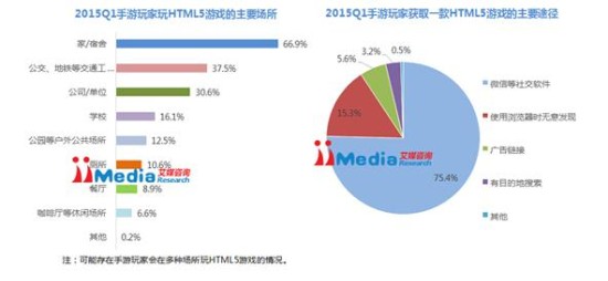 iiMedia Research(艾媒咨询)数据显示,2015Q1,在手游玩家玩HTML5游戏时的场景分布方面, 66.9%的玩家会在家/宿舍玩手游; 37.5%的玩家会在公交、地铁等交通工具上玩手游。在获取HTML5游戏的途径上,有75.4%的玩家则是通过微信等社交软件获取、使用一款HTML5游戏。15.3%的玩家是在使用浏览器时无意中发现了HTML5游戏而使用的。
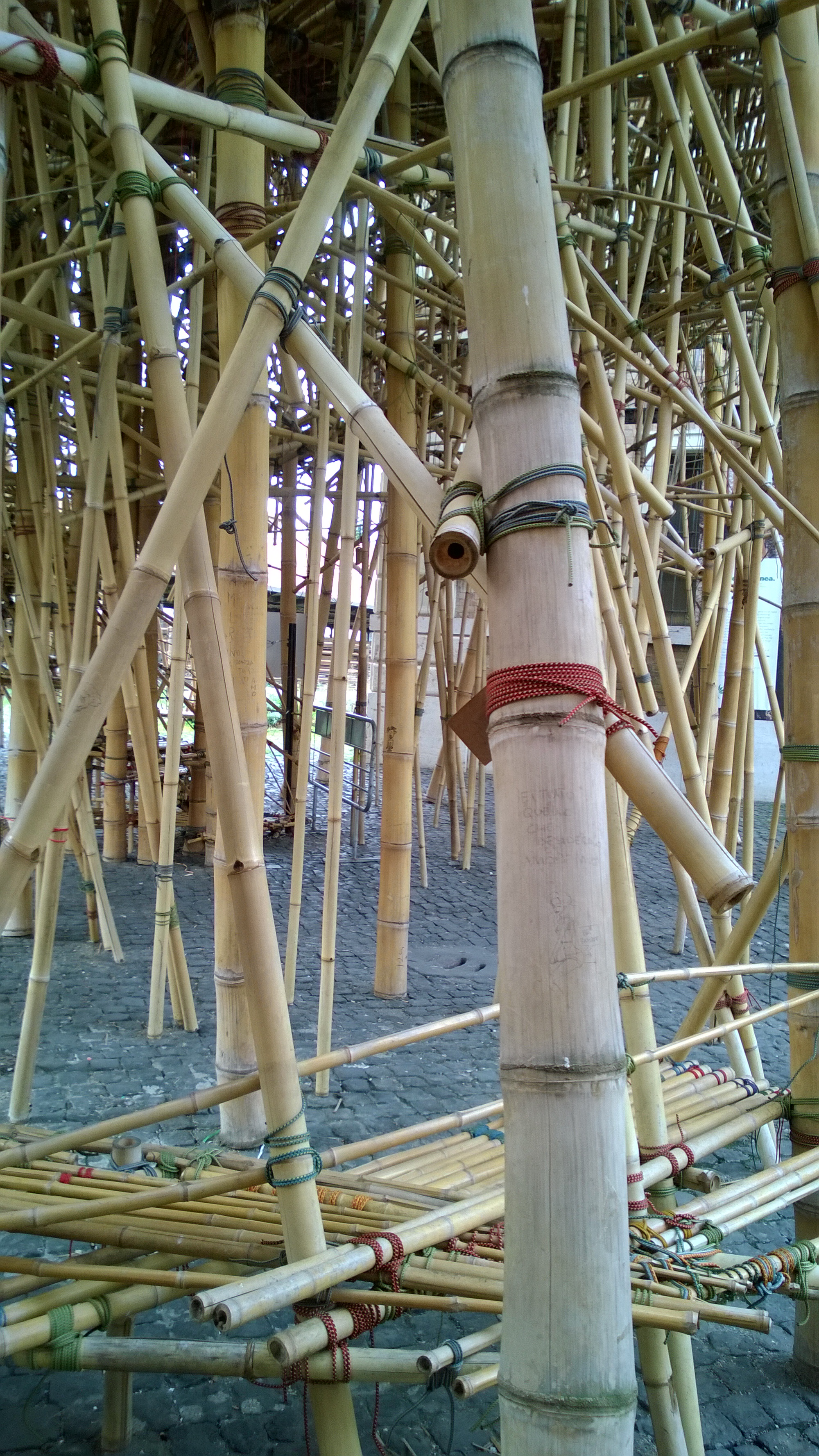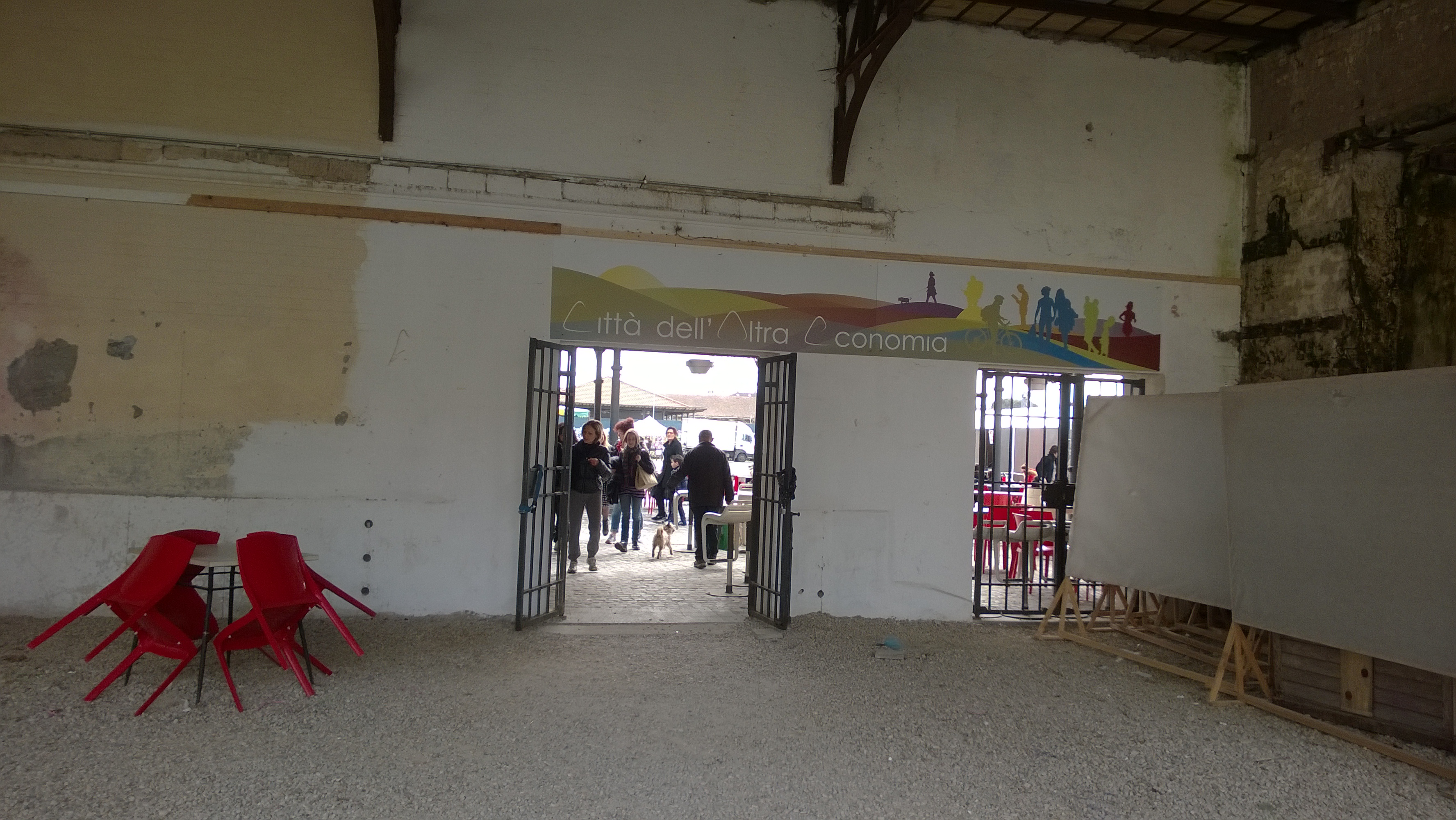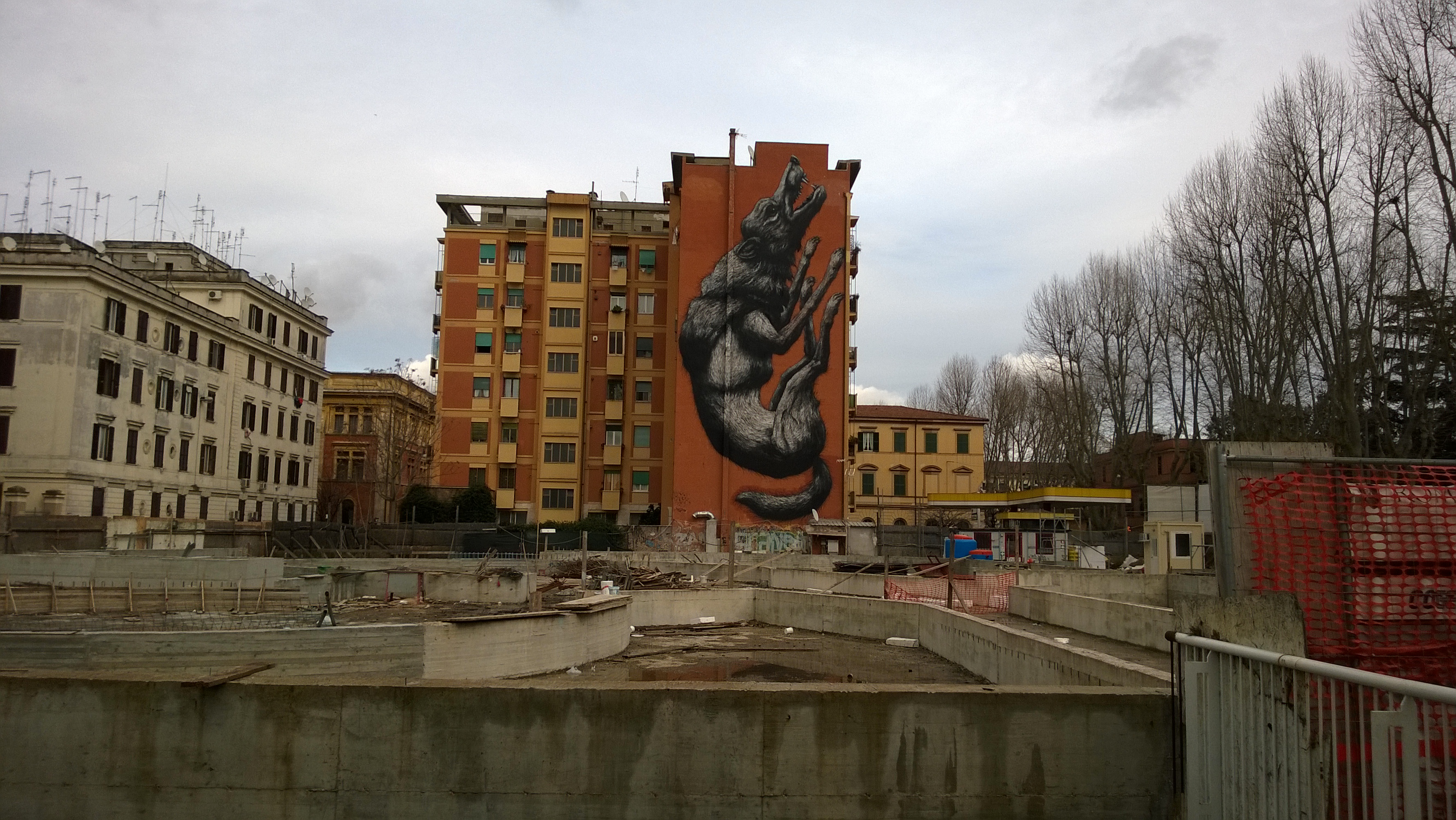 Die tegenstellingen dan. De buurt waar ik verbleef was niet bepaald luxe, hoewel ik denk dat een huisje daar al een flinke huur moet opbrengen. Mijn appartementje was onderdeel van een blok met een gezamenlijke buitendeur, en als ik zo even de constructie probeerde te begrijpen acht allemaal kleine woningen, 1 of 2 kamers. Af en toe hoorde ik buren aankomen of vertrekken over de mini-galerij. De gewassen lakens hingen aan de waslijnen in de binnenplaats, die nu (februari/maart) nog vrij kaal was maar de belofte van een groen paradijs in zich had, De winkeltjes zijn over het algemeen klein, overleven maar net, zo te zien. De straat slecht onderhouden; veel kuilen en gaten, opgelapt asfalt. Het eco-eiland (de afvalcontainers..) een concentratie van zwerfvuil. Om de hoek de Lungotevere (oftewel de straat langs de Tiber) met flats 9 hoog, groentestallen langs de kade, een parkeerplaats van 3 rijen dik kleine autootjes (dat is trouwens het algemene beeld, en de Smart wordt standaard dwars geparkeerd). De brug is met marmer bekleed. Langs de oevers huizen de daklozen in onduidelijke optrekjes. Aan de overkant een monument: het voormalige abattoir. Dat wordt herontwikkeld. Er is al een museum en een architectuuropleiding; aan een open eind een alternatieve vrijplaats. WP_20150222_014  WP_20150222_020
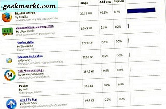 Diese Seite zeigt Ihnen eine Liste Ihrer laufenden Firefox-Add-Ons mit ihrer RAM-Auslastung, die in der Spalte "Usage" angegeben ist. Diejenigen, die am meisten RAM haben, werden oben auf der Seite aufgelistet. Beachten Sie, dass dies keine statischen oder dynamischen Overlays enthält, die Skripts hinzufügen, die die RAM-Auslastung der Erweiterungen erhöhen können. Daher kann die RAM-Nutzung des Add-Ons höher sein als auf dieser Registerkarte angegeben.
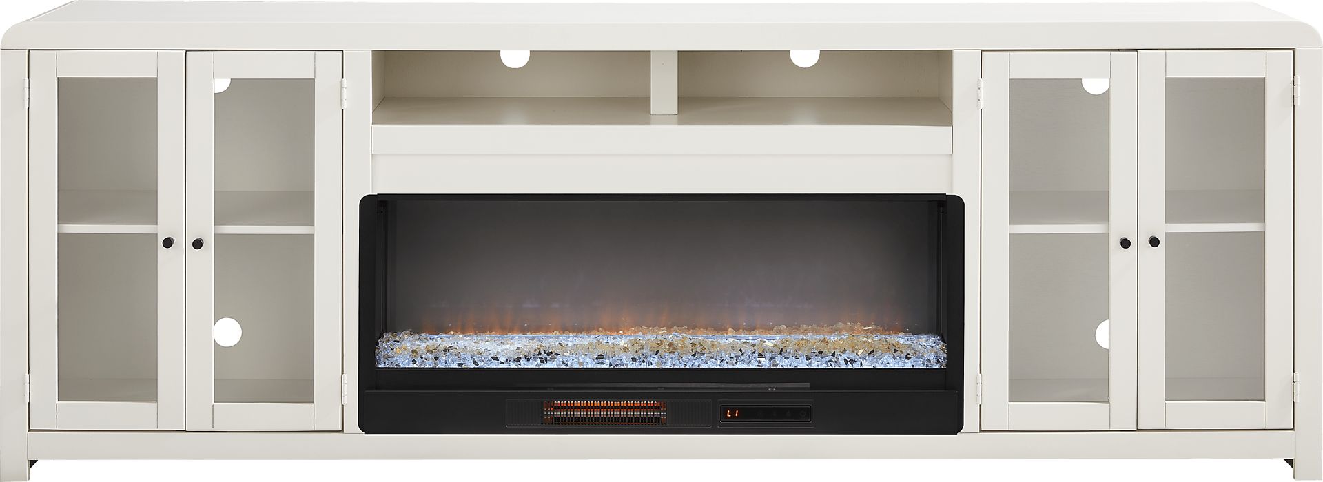 Symmetrical and timeless with a charming perspective of cozy warmth and poise, the Montavilla console is designed to enhance both style and comfort in your home. Showcasing two doors that provide easy access to storage and a top center cubby that offers the perfect space for media devices or display items, this console is built to accommodate televisions up to 75 inches. Adjustable shelves ensure customizable organization, while wire management holes keep cords neatly concealed. The removable fireplace portion features a realistic energy-saving LED firebox with remote controlled heat and ambient lighting with four color changing options. LED color effects can be used with or without heat.

◆ ◆ ◆ ◆ ◆

= DESCRIPTION OF THE TASK =
I'd like the material above repeated exactly, with the pictures omitted.

= YOUR SOLUTION =
 iiMedia Research(艾媒咨询)数据显示,2015Q1,在手游玩家玩HTML5游戏时的场景分布方面, 66.9%的玩家会在家/宿舍玩手游; 37.5%的玩家会在公交、地铁等交通工具上玩手游。在获取HTML5游戏的途径上,有75.4%的玩家则是通过微信等社交软件获取、使用一款HTML5游戏。15.3%的玩家是在使用浏览器时无意中发现了HTML5游戏而使用的。
 Die tegenstellingen dan. De buurt waar ik verbleef was niet bepaald luxe, hoewel ik denk dat een huisje daar al een flinke huur moet opbrengen. Mijn appartementje was onderdeel van een blok met een gezamenlijke buitendeur, en als ik zo even de constructie probeerde te begrijpen acht allemaal kleine woningen, 1 of 2 kamers. Af en toe hoorde ik buren aankomen of vertrekken over de mini-galerij. De gewassen lakens hingen aan de waslijnen in de binnenplaats, die nu (februari/maart) nog vrij kaal was maar de belofte van een groen paradijs in zich had, De winkeltjes zijn over het algemeen klein, overleven maar net, zo te zien. De straat slecht onderhouden; veel kuilen en gaten, opgelapt asfalt. Het eco-eiland (de afvalcontainers..) een concentratie van zwerfvuil. Om de hoek de Lungotevere (oftewel de straat langs de Tiber) met flats 9 hoog, groentestallen langs de kade, een parkeerplaats van 3 rijen dik kleine autootjes (dat is trouwens het algemene beeld, en de Smart wordt standaard dwars geparkeerd). De brug is met marmer bekleed. Langs de oevers huizen de daklozen in onduidelijke optrekjes. Aan de overkant een monument: het voormalige abattoir. Dat wordt herontwikkeld. Er is al een museum en een architectuuropleiding; aan een open eind een alternatieve vrijplaats. WP_20150222_014  WP_20150222_020
 Diese Seite zeigt Ihnen eine Liste Ihrer laufenden Firefox-Add-Ons mit ihrer RAM-Auslastung, die in der Spalte "Usage" angegeben ist. Diejenigen, die am meisten RAM haben, werden oben auf der Seite aufgelistet. Beachten Sie, dass dies keine statischen oder dynamischen Overlays enthält, die Skripts hinzufügen, die die RAM-Auslastung der Erweiterungen erhöhen können. Daher kann die RAM-Nutzung des Add-Ons höher sein als auf dieser Registerkarte angegeben.
 Symmetrical and timeless with a charming perspective of cozy warmth and poise, the Montavilla console is designed to enhance both style and comfort in your home. Showcasing two doors that provide easy access to storage and a top center cubby that offers the perfect space for media devices or display items, this console is built to accommodate televisions up to 75 inches. Adjustable shelves ensure customizable organization, while wire management holes keep cords neatly concealed. The removable fireplace portion features a realistic energy-saving LED firebox with remote controlled heat and ambient lighting with four color changing options. LED color effects can be used with or without heat.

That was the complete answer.